- Genre: Slapstick
- Created by: Anne Wood
- Starring: Robin Stevens
- Country of origin: United Kingdom
- Original language: English
- No. of seasons: 2
- No. of episodes: 82

Production
- Running time: 25 minutes
- Production company: Ragdoll Productions Channel 4

Original release
- Network: Channel 4
- Release: 5 October 1985 – 5 September 1990

= Pob's Programme =

British children's television series (1985–1990)

Pob's Programme was a children's television programme which was broadcast in the United Kingdom on Channel 4. The programme is presented by a puppet named Pob (played by a puppeter Robin Stevens), who speaks with a speech impediment and who supposedly lives inside the viewer's TV (the casing and red, green and blue electron guns visible behind him). Music was composed and performed by Mike Stanley. The opening titles of the show consist of the character breathing on the camera lens (this breathing was often mistaken for spitting, given the loud noise accompanying it and the thick condensation appearing on screen), and tracing his name in the condensation. Each week on the programme, a celebrity guest visits Pob's garden, and entertains him — though Pob and the guest never appear on screen together.

Pob's Programme was created by Doug Wilcox and Anne Wood of Ragdoll Productions, and was also Ragdoll's first show. Anne went on to create other programmes such as Rosie and Jim and Teletubbies. Unlike the other series by Ragdoll, it is one of the only programmes not to be acquired and picked up by DHX Media.

==Series overview==

| Series | Episodes |  | Originally released |  |
| First released | Last released |
| 1 | 52 |  | 5 October 1985 | 14 December 1986 |
| 2 | 30 |  | 19 July 1988 | 5 September 1990 |

== Content ==
In a typical episode, the celebrity visitor to the show finds a label attached to a piece of string on the gates of Pob's garden;

If in my programme you would be,
Wind the wool and follow me.
Follow where the wool is led first the Yellow then the Red

The celebrity guest then follows the woollen string, winding it as they go, and encountering a second label;

Wind it slowly, wind it fast,
A secret you will find at last.

Ultimately the wool is found to be Pob's unravelled jumper, and he is awoken to trace his name on the screen. Over the course of the programme, the celebrity guest reads a story, and solves a word puzzle with Pob.

Over 28 celebrity visitors appeared on Pob's Programme like Nigel Hayes, some appearing twice. The visitors, many of them well known as actors, included Roy Castle, Jan Francis, Charlie Williams, Madhur Jaffrey, Brian Blessed, Brian Patten, Hannah Gordon, Su Pollard, Kathy Staff, John Duttine, Ross Davidson, Spike Milligan, Toyah Willcox. Bill Pertwee, Anni Domingo, Josette Simon, Tony Armatrading, Rupert Frazer, Kjartan Poskitt, Bernard Hepton, Peter Howitt, Cheryl Campbell, Susan Gilmore, Pat Coombs and Patricia Hodge. One episode was filmed on location at Birmingham Children's Hospital with Barry Foy as a patient.

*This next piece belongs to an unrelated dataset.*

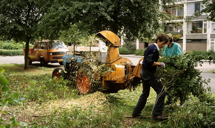 | In de jaren tachtig van de vorige eeuw deed ook de versnipperaar zijn intrede. De snippers werden gebruikt om het onkruid te onderdrukken. Als de snippers egaal werden verspreid, zag het er niet onaardig uit, maar dat veranderde spoedig. Door de snelle mineralisatie van de houtsnippers en de te dikke lagen die werden aangebracht ontstonden er storingsvegetaties die werden gedomineerd door grote brandnetels en kleefkruid. Iedere ecoloog kon dat weten. Maar dat mocht je niet hardop zeggen. Als het een dunne laag van maximaal 2-3 cm in de schaduw was, ging het redelijk goed. Snoeihout pleksgewijs op enkele hopen gooien is ook een alternatief. Dikke lagen kunnen de bodem afsluiten voor zuurstof en op zonnige en half beschaduwde plekken leiden tot een explosieve groei van onkruiden. Afvoeren van de snippers is het beste. Houtsnippers kunnen bovendien als energiebron worden gebruikt. (Heerhugowaard, 2001). |

Various celebrities had recurring segments on Pob's Programme, including Nigel Kennedy (who would attempt to teach Pob to play the violin), Dick King-Smith (who would follow nature trails based on clues that Pob would send him), Alan Dart (who would be seen, hands only, doing a different handicraft project each episode) and Rod Campbell (who would devise different ways to open a mystery box).

Pob was often accompanied in his mischief by a silent teddy bear called Teddy, operated by Bob Berk and Wanda Szajna-Hopgood.

== Recognition ==
In 2001, Pob's Programme was number 59 on Channel 4's 100 Greatest Kids' TV shows.